5.What will the CEO James Broadhead do?
• From exhibit 7 we can see that Carolina Power and The Southern Co. have large production of
76000KWH and 119000KWH respectively compared to 72500KWH of FPL group. Both these
companies have 26% and 27% share of their customer base in the industrial sector
respectively compared to FPL group which has only 4% of its customers in the industrial
sector. The case study also mentions that at first large industrial customers would choose
their electricity suppliers, then commercial users and finally the retail users would have the
right to choose their electricity suppliers.
• FPL group has 56% of its customers from the retail sector. While retaining its share of retail
customers FPL must develop a strategy to capture a good share of industrial customers as
well who are an easy and single point of revenue for FPL. FPL’s capacity utilisation is 59%
which is the average utilisation rate for its competitors as well.
• As already mentioned FPL has tremendous growth opportunities in capacity utilisation as well
as in distribution networks.
• The CEO should invest in these opportunities first for long term value maximisation of the
firm.
• He should reduce the dividend payout ratio and use the excess funds for the required capital
expenditures.
• Initially the stock price would definitely go down but gradually with the performance of FPL,
stock prices would pick up.
• FPL should use its excess cash to invest more in new profitable projects, acquire new
companies and profitable assets, and reinvest in financial assets.

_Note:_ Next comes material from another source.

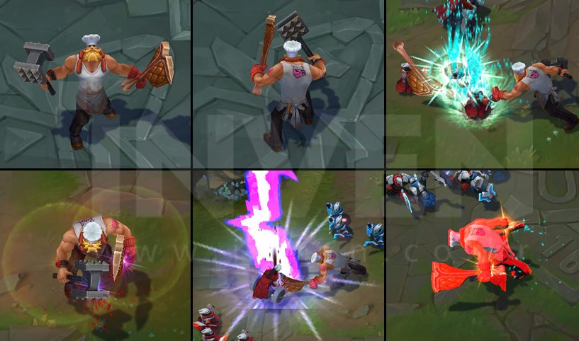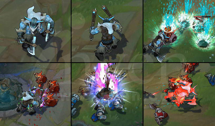 Olaf attacks with such force that it deals true damage to his target and himself, refunding the Health cost if he destroys the target.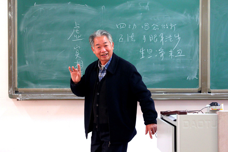 课堂上,朱广英从表演、编创、曲调、行当等方面介绍了四平调,结合自己的创作经历详细具体地讲解了戏曲剧本的创作规律,还以《白蛇传》等经典剧目为例分析了中国传统戏曲和现代话剧的区别,指出传统戏剧具有夸张性、节奏性、程式化、美化四个特征,而四平调作为地方戏又有着突出的地域色彩,让同学们对戏曲创作有了较为全面的认识。

6.As Kate Stark, what would recommend regarding investment
in FPL’s stock – buy/sell/hold?

• I would recommend to Hold the stock since it would


have good appreciation in the coming years despite
reduction in the dividend payout currently.
• It would be a good opportunity for FPL to buy back
its shares as well at the decreased market prices
thus putting its cash to use.
• Generally growing companies tend to pay very less
dividend as they would require funds for
investment in positive NPV projects.